Герцог Урбинский встрепенулся:
— Вам угодно, чтобы я передал его королевскому высочеству Франциску весточку от вашего крестного?
Дисмас вознес еще одно немое моленье, прося Всевышнего немедленно напомнить Нарсу, что они приехали сюда воровать плащаницу, а не разжигать войну между Францией и Священной Римской империей.
— Предложение вашего сиятельства очень любезно, однако я всего лишь смиренный паломник, а не императорский эмиссар…
«Слава тебе, Господи!» — вздохнул Дисмас.
— Тем не менее, — продолжал Дюрер, — от лица императора мне хотелось бы сообщить, что император удручен — смею добавить, безмерно удручен! — беспрестанными притеснениями, чинимыми Францией суверенному Савойскому герцогству. Мой крестный был бы очень доволен, если бы эти попрания прекратились, — заявил Дюрер и, помолчав, добавил: — Незамедлительно.
Герцог Карл просиял и чуть ли не замурлыкал от удовольствия.
Герцог Урбинский и кардинал Арагонский с недоумением смотрели на Лотара.
— При всем уважении к нашему многорадушному хозяину, — начал герцог Урбинский, — неужели Савойское герцогство и в самом деле так заботит императора?
— Ах, ваше сиятельство, — беспечно отвечал Дюрер, — вы даже не представляете себе, как заботит! Его высочество относится к Савойе с поистине отеческим участием.
Герцог Урбинский удивленно заморгал, выслушав это ошеломляющее известие. Подумать только, император озабочен тем, что Франция у себя на задворках устраивает вооруженные вылазки в милое, но никчемное герцогство!
Удивленная гримаса на лице герцога Урбинского постепенно исчезала, сменяясь нарождающимся подозрением, что императорский крестник — просто набитый дурак.
— Я донесу это до его королевского высочества, — вежливо ответил он Дюреру.

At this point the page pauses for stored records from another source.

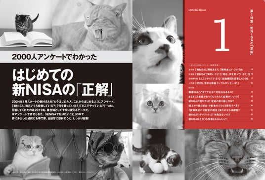 巻頭特集は「はじめての新NISAの『正解』」。新NISAで毎月いくら投資してる? 今、何を買っている? どの金融機関でやっている? 既に新NISAを始めた人・これから始める人、2000人へのアンケート結果を大発表。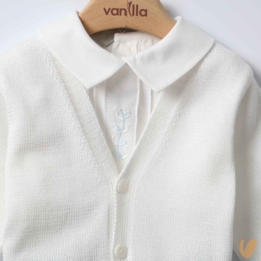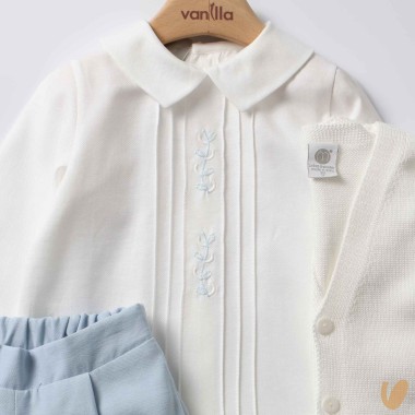 Long sleeve shirt in cotton piqué with sewn folds in front and blue embroidery, functional buttoning on the back (60%cotone 40%poliestere)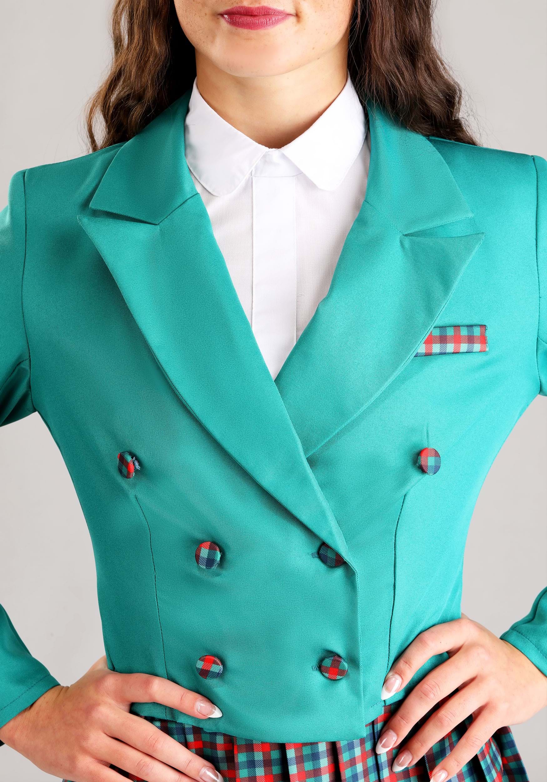 The ensemble includes a sharply structured turquoise jacket that buttons up the front with matching plaid accents, giving the whole look that crisp, queen-bee feel. The attached shirt front layers seamlessly underneath, delivering that prim-and-perfect vibe without the hassle of actually wearing a full blouse.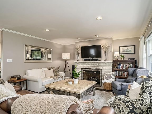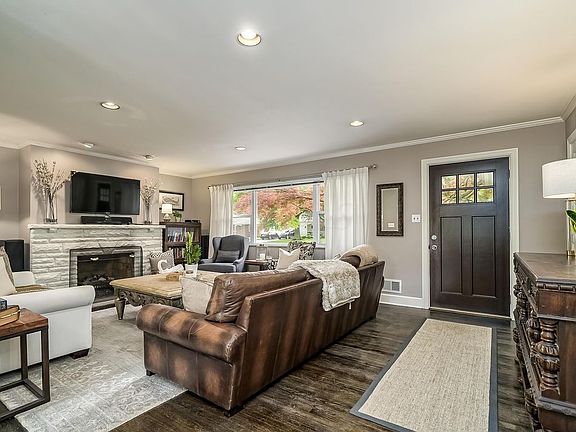 Wow! The remodeled kitchen with stainless appl, new cabinets including large pantry, granite, tile backsplash, breakfast bar with stools is open to the dining room with new chandelier and French door leading to the large deck. Dark stained hardwoods throughout main level. Updated white trim and doors. Two fully updated baths! Large living room with fireplace and abundant natural light. Two closets in owner's bedroom. Nicely finished lower level room with barn door, a TV connection wired into the wall, and room for multi-purpose space. Additional finished room with fireplace and closet (could double as an unofficial bedroom). Large alcove in garage provides extra storage. Park-like backyard with shed, fire pit, and deck. Walk to all schools, shopping, restaurants. Agent related to sellers.
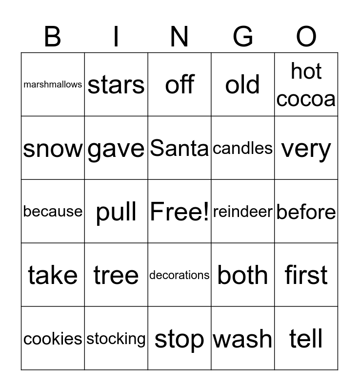 This bingo card has a free space and 24 words: tree, stocking, Santa, cookies, hot cocoa, marshmallows, snow, stars, reindeer, decorations, candles, because, both, first, gave, wash, before, off, very, pull, tell, take, old and stop.

— Кстати, прошу вас передать дофину, что мой крестный шлет ему самые сердечные пожелания здоровья и долгих счастливых лет.
Герцог Урбинский коротко кивнул, утратив всякий интерес к бестолковому графу.
Кардинал Арагонский не хуже герцога Урбинского разбирался в вопросах дипломатии и геополитики. Его тоже ошеломили внезапные стенания Лотара об участи Савойского герцогства, да еще и от имени императора, поэтому он счел нужным сменить тему разговора:
— А известны ли вам намерения вашего досточтимого крестного в отношении еретика Лютера?
— В отношении Лютера? — переспросил Дюрер. — Ах, Лютера! Там то еще дело…
— Ересь — весьма серьезное дело. А в данном случае — чудовищное.
— Угу… — произнес Дюрер тоном, допускающим неоднозначные толкования.
— Его нападки на святейшего отца не прекращаются. Смею заверить, они чрезвычайно досаждают его святейшеству. Настолько, что он едва в состоянии посвящать себя своим неотложным занятиям…
«Господи, не дай Нарсу уточнить про содомию!» — беззвучно возопил Дисмас.
— Пиршествам и застольям? — уточнил Дюрер.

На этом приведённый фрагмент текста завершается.